:: Your task ::
Give the data below again exactly as written, without its pictures.

Stored data
▼

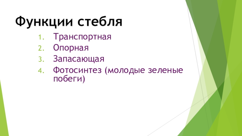 Функции стебляТранспортнаяОпорнаяЗапасающаяФотосинтез (молодые зеленые побеги)
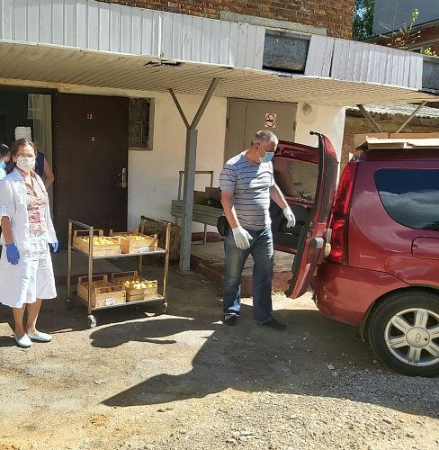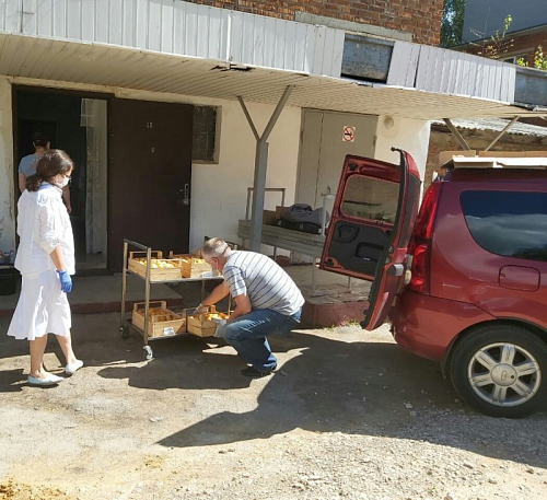 Добровольцы доставили угощения для всех 270 человек. Из-за карантина они не смогли пообщаться с бабушками и дедушками, но передали добрые пожелания от всех прихожан храма.
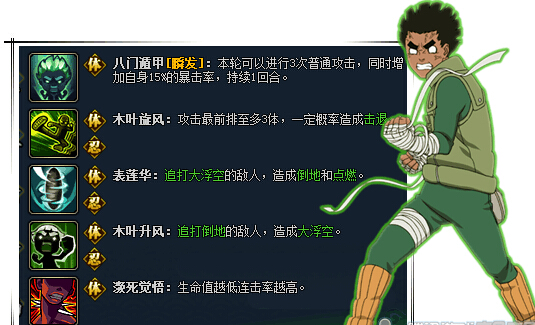 本轮可以进行3次普攻,并且增加自身15%的暴击率,看来是个爆发忍者呀!若配合上增加暴击率的忍者,或给予buff的忍者,对于前面的敌人将会造成很大的压力。
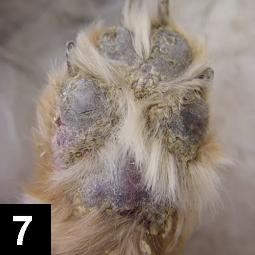 The skin commonly develops scaling and crusting lesions in response to a variety of inflammatory or metabolic insults. Some characteristics of the lesions can be suggestive of a specific condition; in other situations, the appearance of the lesions may be nonspecific but clues can be derived from location, distribution, age of onset, breed, presence and degree of pruritus, and any other clinical signs.
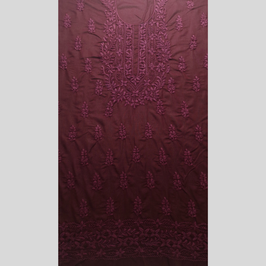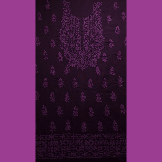 albaas | Lucknavi Chikankari on Karandi Lawn Shirt's Front and Sleeves with Dupatta Sprayed with Motifs - Unstitched 2PC Suit | AKLCSD-36701-PLUM
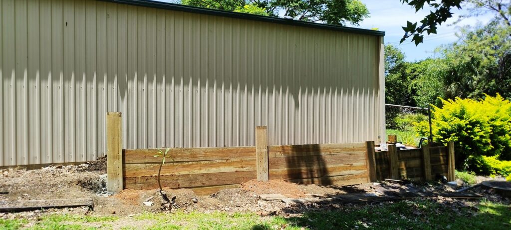 As you can see above the existing bit of wall is not square, it was just too difficult to remove the old steel fence which was holding up the old timbers and so I just built around it. The new section I am doing now that will join to it will be square to the shed and I don’t think it will look out of place once it’s done.
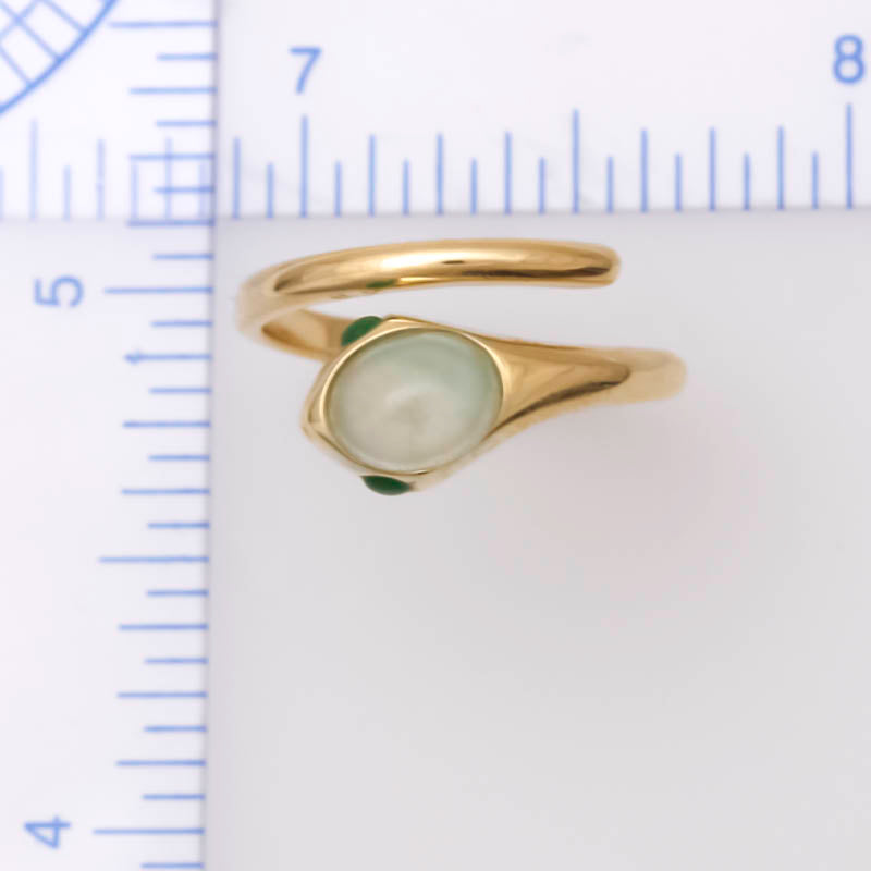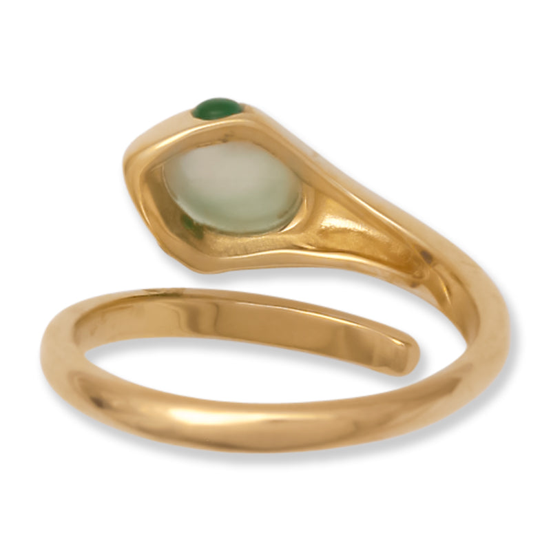 Ice jadeite jade snake head with green jade eyes in a 14K yellow gold bypass ring.
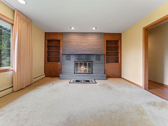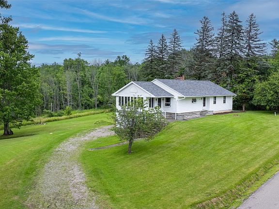 This single-owner, mid-century modern ranch home is nestled on 2.69 acres of serene flat land. Built in an area without light pollution, a clear night sky is your planetarium. Meticulously maintained, the attention to detail&beautiful craftsmanship is evident throughout the private property. Oak floors&trim flow from room to room.The open L/R,complete w/a floor to ceiling wood burning fireplace&x-large windows is the perfect space for celebrating. Built-in walnut book shelves add elegance.Adjacent to the L/R is a formal D/R offering views of picturesque surroundings.Contemporary galley eat-in kitchen boasts an abundance of birch cabinets&counter space.Within the versatile Florida room watch children play, leaves turn, snow fall. Large walkout basement features areas for shop,office,laundry&plenty of shelving.Floored attic, new roof, fresh paint on exterior&interior, a two car tandem garage completes this property. This home has many desirable&custom built-in features.
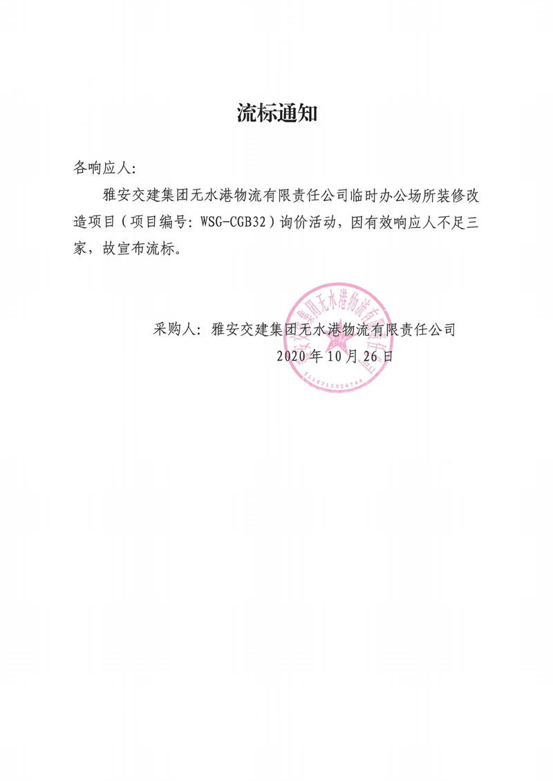 雅安交建集團(tuán)無水港物流有限責(zé)任公司臨時辦公場所裝修改造項(xiàng)目流標(biāo)通知
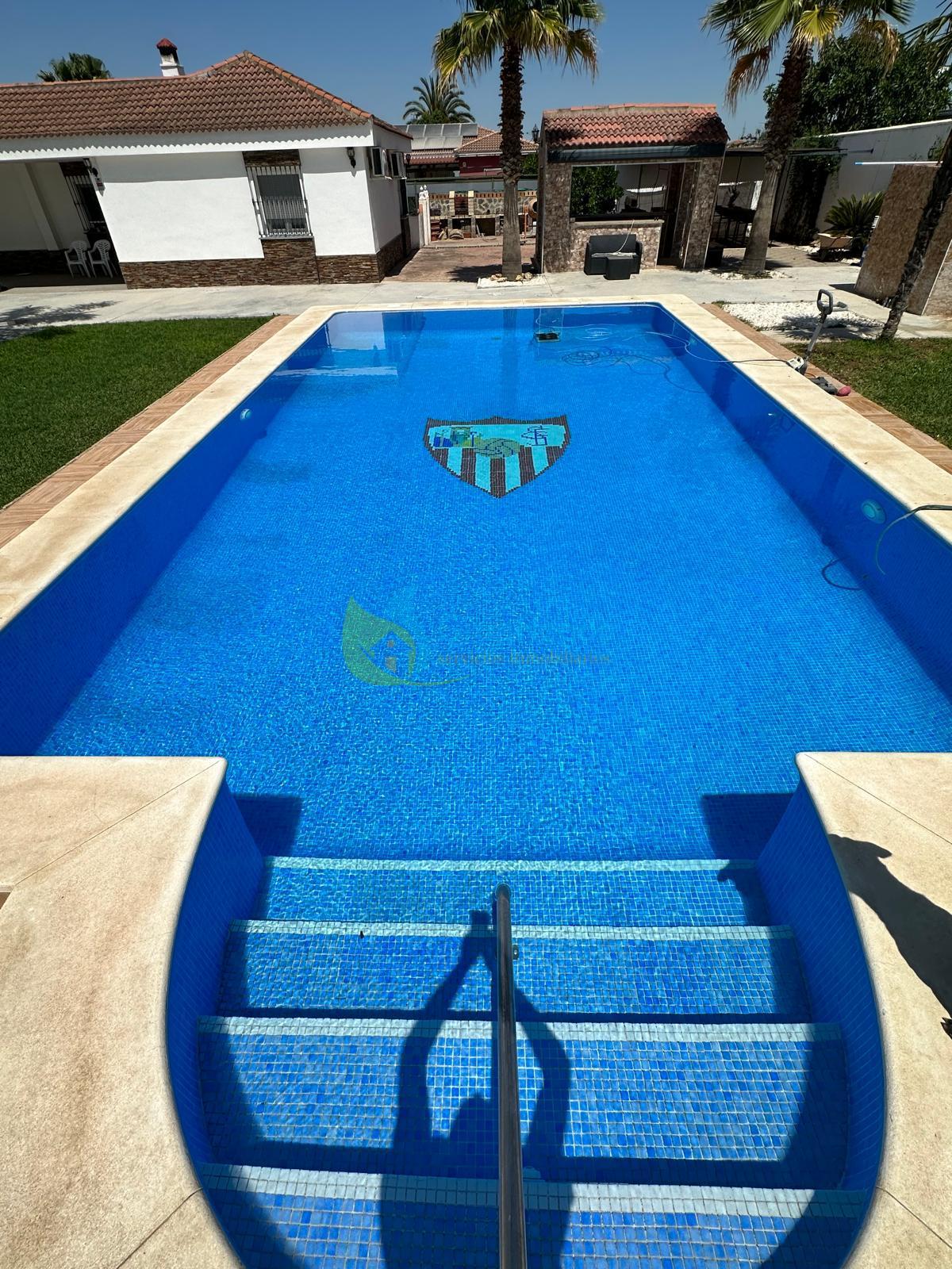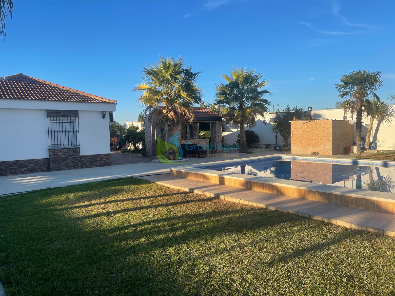 CHALET EN SEVILLA,CARMONAChalet 5 dormitorios, 3 baños, 1 garajes, Buen estado, en Carmona, Sevilla ESPECTACULAR CHALET EN URBANIZACIÓN CERRADA LOS NARANJOS CARMONA (SEVILLA) Se vende magnífico chalet en parcela de 1.524 m², con vivienda principal y apartamento independiente dentro de la misma parcela, además de gran piscina. Ubicado en la exclusiva Urbanización cerrada Los Naranjos (Carmona, Sevilla), a tan solo 10 minutos en coche de Sevilla, combinando tranquilidad y excelente conexión con la ciudad. Vivienda principal:Amplio porche delantero que da acceso a un gran salón con chimenea, perfecto para disfrutar en familia. Gran cocina amueblada con electrodomésticos y posibilidad de instalar chimenea adicional.Dispone de 3 magníficas habitaciones y 2 baños completos. Apartamento independiente (dentro de la parcela):Construcción ideal para invitados, familiares o incluso como espacio independiente. Cuenta con porche delantero, salón, 2 amplias habitaciones, cocina y baño completo. Zona exterior y extras:Parcela de 1.524 m²Más de 350 m² construidosImpresionante piscina de 10x6 metros, alicatada y con iluminaciónCasetilla depuradoraPozo propio con cuartilloCuartillo de herramientasUna propiedad con múltiples posibilidades: vivienda habitual, segunda residencia o ideal para familias que necesiten dos espacios independientes en la misma finca, disfrutando de privacidad y amplitud a pocos minutos de Sevilla. ¡¡NO SE LO PIENSE, PÓNGASE EN CONTACTO Y VISÍTELO SIN COMPROMISO!!Si necesita ayuda con la financiación, no dude en consultarnos.Honorarios, impuestos y otros gastos derivados de la compraventa (Registro de la Propiedad, Notaría, gestoría y posible financiación) NO incluidos en el precio. |

▲

:: Response below ::
 Функции стебляТранспортнаяОпорнаяЗапасающаяФотосинтез (молодые зеленые побеги)
 Добровольцы доставили угощения для всех 270 человек. Из-за карантина они не смогли пообщаться с бабушками и дедушками, но передали добрые пожелания от всех прихожан храма.
 本轮可以进行3次普攻,并且增加自身15%的暴击率,看来是个爆发忍者呀!若配合上增加暴击率的忍者,或给予buff的忍者,对于前面的敌人将会造成很大的压力。
 The skin commonly develops scaling and crusting lesions in response to a variety of inflammatory or metabolic insults. Some characteristics of the lesions can be suggestive of a specific condition; in other situations, the appearance of the lesions may be nonspecific but clues can be derived from location, distribution, age of onset, breed, presence and degree of pruritus, and any other clinical signs.
 albaas | Lucknavi Chikankari on Karandi Lawn Shirt's Front and Sleeves with Dupatta Sprayed with Motifs - Unstitched 2PC Suit | AKLCSD-36701-PLUM
 As you can see above the existing bit of wall is not square, it was just too difficult to remove the old steel fence which was holding up the old timbers and so I just built around it. The new section I am doing now that will join to it will be square to the shed and I don’t think it will look out of place once it’s done.
 Ice jadeite jade snake head with green jade eyes in a 14K yellow gold bypass ring.
 This single-owner, mid-century modern ranch home is nestled on 2.69 acres of serene flat land. Built in an area without light pollution, a clear night sky is your planetarium. Meticulously maintained, the attention to detail&beautiful craftsmanship is evident throughout the private property. Oak floors&trim flow from room to room.The open L/R,complete w/a floor to ceiling wood burning fireplace&x-large windows is the perfect space for celebrating. Built-in walnut book shelves add elegance.Adjacent to the L/R is a formal D/R offering views of picturesque surroundings.Contemporary galley eat-in kitchen boasts an abundance of birch cabinets&counter space.Within the versatile Florida room watch children play, leaves turn, snow fall. Large walkout basement features areas for shop,office,laundry&plenty of shelving.Floored attic, new roof, fresh paint on exterior&interior, a two car tandem garage completes this property. This home has many desirable&custom built-in features.
 雅安交建集團(tuán)無水港物流有限責(zé)任公司臨時辦公場所裝修改造項(xiàng)目流標(biāo)通知
 CHALET EN SEVILLA,CARMONAChalet 5 dormitorios, 3 baños, 1 garajes, Buen estado, en Carmona, Sevilla ESPECTACULAR CHALET EN URBANIZACIÓN CERRADA LOS NARANJOS CARMONA (SEVILLA) Se vende magnífico chalet en parcela de 1.524 m², con vivienda principal y apartamento independiente dentro de la misma parcela, además de gran piscina. Ubicado en la exclusiva Urbanización cerrada Los Naranjos (Carmona, Sevilla), a tan solo 10 minutos en coche de Sevilla, combinando tranquilidad y excelente conexión con la ciudad. Vivienda principal:Amplio porche delantero que da acceso a un gran salón con chimenea, perfecto para disfrutar en familia. Gran cocina amueblada con electrodomésticos y posibilidad de instalar chimenea adicional.Dispone de 3 magníficas habitaciones y 2 baños completos. Apartamento independiente (dentro de la parcela):Construcción ideal para invitados, familiares o incluso como espacio independiente. Cuenta con porche delantero, salón, 2 amplias habitaciones, cocina y baño completo. Zona exterior y extras:Parcela de 1.524 m²Más de 350 m² construidosImpresionante piscina de 10x6 metros, alicatada y con iluminaciónCasetilla depuradoraPozo propio con cuartilloCuartillo de herramientasUna propiedad con múltiples posibilidades: vivienda habitual, segunda residencia o ideal para familias que necesiten dos espacios independientes en la misma finca, disfrutando de privacidad y amplitud a pocos minutos de Sevilla. ¡¡NO SE LO PIENSE, PÓNGASE EN CONTACTO Y VISÍTELO SIN COMPROMISO!!Si necesita ayuda con la financiación, no dude en consultarnos.Honorarios, impuestos y otros gastos derivados de la compraventa (Registro de la Propiedad, Notaría, gestoría y posible financiación) NO incluidos en el precio. |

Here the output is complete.